Tuesday, 16 October 2012

Why i don't read proper books

Here's the vid:

As you may be aware, i don't read "proper" books, by which i mean the likes of Dickens, Lessing, Steinbeck, Hemingway, whomever.  Also, notoriously, i never read poetry, which considering that i'm married to a poet might seem to be a bit problematic.  The above video should serve as an illustration of why.  When i read a book with convincing, realistic-seeming plots, characters and settings, it makes absolutely no sense to me.  Or rather, it appears to make perfect sense but when i come to discuss it with anyone else i find that they have had insights that i haven't had or it's meant something to them which it hasn't to me, and furthermore, others tend to agree broadly on what it means or what insights they've gained.

There was a time when things were different.  Up until i was about seventeen, i was "normal" in my response to novels and poetry.  I wasn't intimidated or overcome by a sense of obscurity.  They just made sense, and the sense they made to me was shared with others.  When i had insights which others hadn't, they often came round to my opinion of them after discussion and seemed to be perceived as meaningful or in some way more advanced than others, or maybe refreshing, I have no idea.  I found the O-level Eng Lit syllabus easy but stimulating and i was happy to read whatever.  The literary canon held no terrors for me and i got one of the highest grades in O-level English at my school, although of course all of that may not be terribly significant because anyone can parrot stuff they're taught.

This even continued up until the point where i applied for university - my initial choice of course was English and Philosophy.  However, for some reason at about the age of seventeen, there was a sudden failure of nerve.  The A-level English Lit syllabus and approach made no sense at all to me, practical criticism seemed to assume there was some kind of common humanity or universality which was entirely alien to me, and of course if it was alien, it wasn't universal because i am human.  Therefore i ran away from literature, abandoned my attempts to pursue it at degree level and abandoned it completely forever.

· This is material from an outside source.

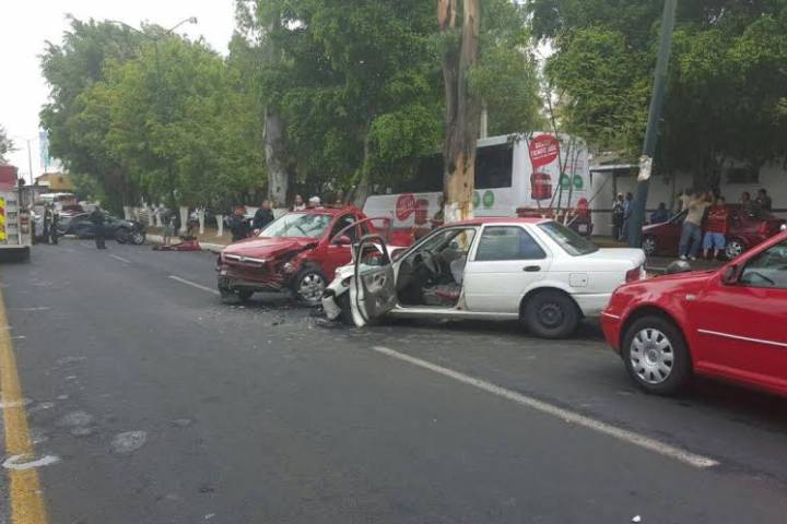 Una aparatosa carambola se registró sobre la Avenida Madero Poniente, frente a la colonia Popular Solidaria, antes de llegar a donde estaba la Comercial Mexicana "Tres Puentes". Fueron cuatro vehículos los que protagonizaron el accidente, mismo que dejó al menos cuatro lesionados.

Now, you might ask me why this matters.  Everyone has strengths and weaknesses, and if you don't "get" something it needn't destroy you.  It's also the case that i have no trouble following and appreciating drama even in the form of scripts, and also have considerable insight into other art forms such as music (which is however dangerously emotionally manipulative, but that's another melody) and painting.  Unfortunately, for literature this is not so, and here's why.

More than anything else, humans are language-users.  The fact that i reject Chomsky's views and think we've stumbled upon it is irrelevant - it still makes us what we are.  Without language, we are trapped in our own worlds, can't benefit from others' wisdom and can only help or communicate to a very limited extent.  Whereas emotion can go some way to transcend that, language is part of that emotional expression.  Look at feral children.  They're an example of what we'd be without language.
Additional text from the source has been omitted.